What follow-up is needed after calculating the GAHS?

After calculating the GAHS, several follow-up steps are important. For patients with GAHS below 9: continue supportive care, monitor closely, and reassess the GAHS on days 6 through 9. For patients with GAHS of 9 or above: screen for contraindications to corticosteroids, consider initiating prednisolone 40 mg daily, calculate the Lille score at day 7 of treatment, and if the Lille score indicates non-response, consider discontinuing corticosteroids. All patients should be counseled on absolute alcohol abstinence, assessed for nutritional status, and considered for referral to addiction medicine or alcohol cessation programs.

Conclusion

The Glasgow Alcoholic Hepatitis Score represents a significant advancement in the prognostic assessment of alcoholic hepatitis, offering superior accuracy compared to the widely used modified Maddrey Discriminant Function. By incorporating five readily available parameters that capture hepatic synthetic function, renal function, systemic inflammation, and patient age, the GAHS provides a comprehensive snapshot of disease severity that directly informs treatment decisions.

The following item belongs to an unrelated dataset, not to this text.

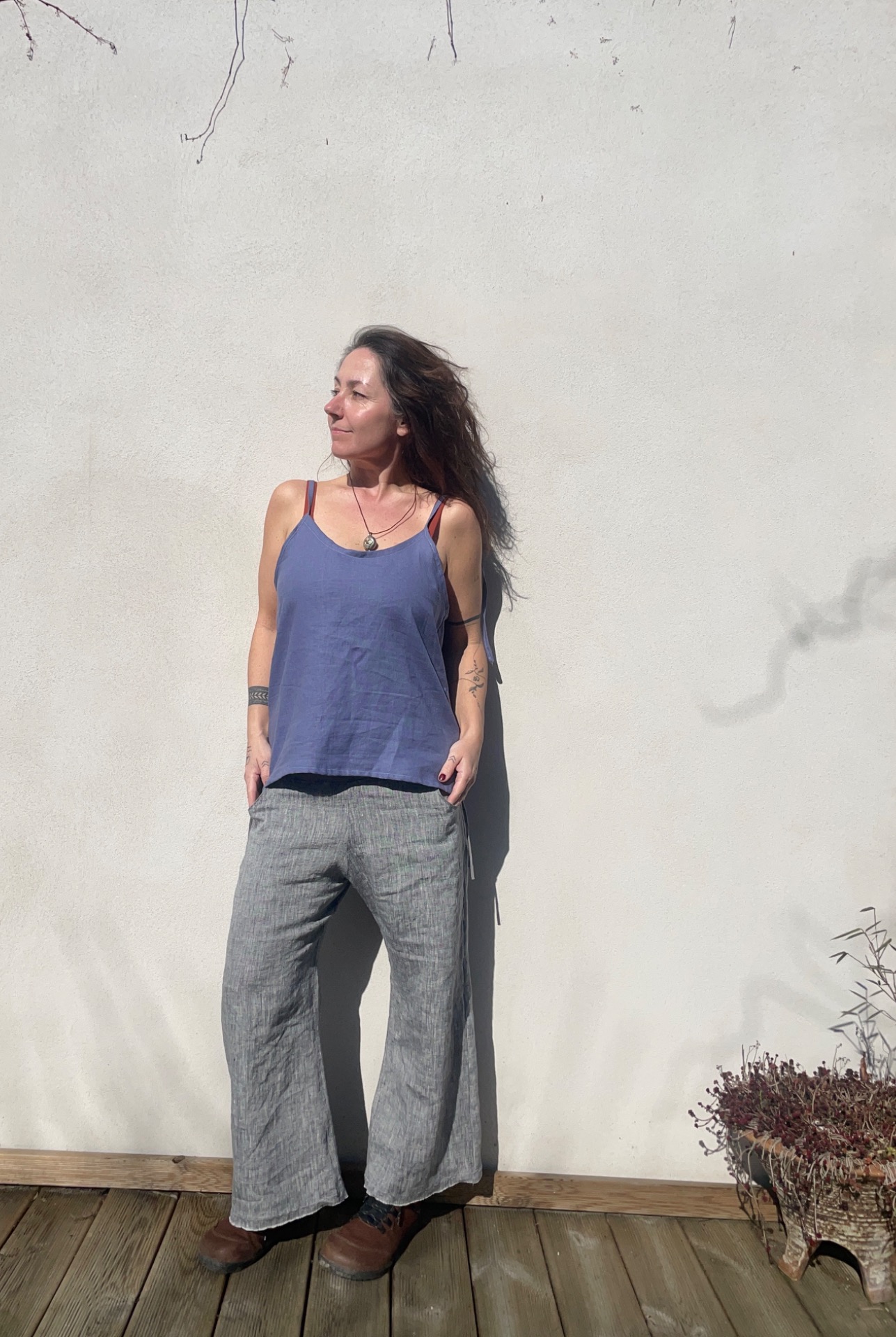 Lněný top v barvě holubí modř, ramínka na zavazování

The critical threshold of 9 serves as a practical decision point: patients scoring 9 or above face substantially increased mortality risk and represent the population most likely to benefit from corticosteroid therapy. Patients below this threshold can generally be managed with supportive care, potentially sparing them from unnecessary corticosteroid exposure. The ability to reassess the score on days 6 through 9 adds valuable dynamic prognostic information.

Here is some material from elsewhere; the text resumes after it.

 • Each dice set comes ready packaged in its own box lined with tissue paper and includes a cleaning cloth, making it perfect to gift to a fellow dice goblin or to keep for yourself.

As endorsed by international guidelines including EASL 2018, the GAHS should be considered a standard component of the prognostic toolkit for alcoholic hepatitis alongside the mDF and Lille score. Healthcare providers worldwide are encouraged to incorporate this validated scoring system into their clinical practice to optimize patient outcomes in this challenging and increasingly prevalent condition.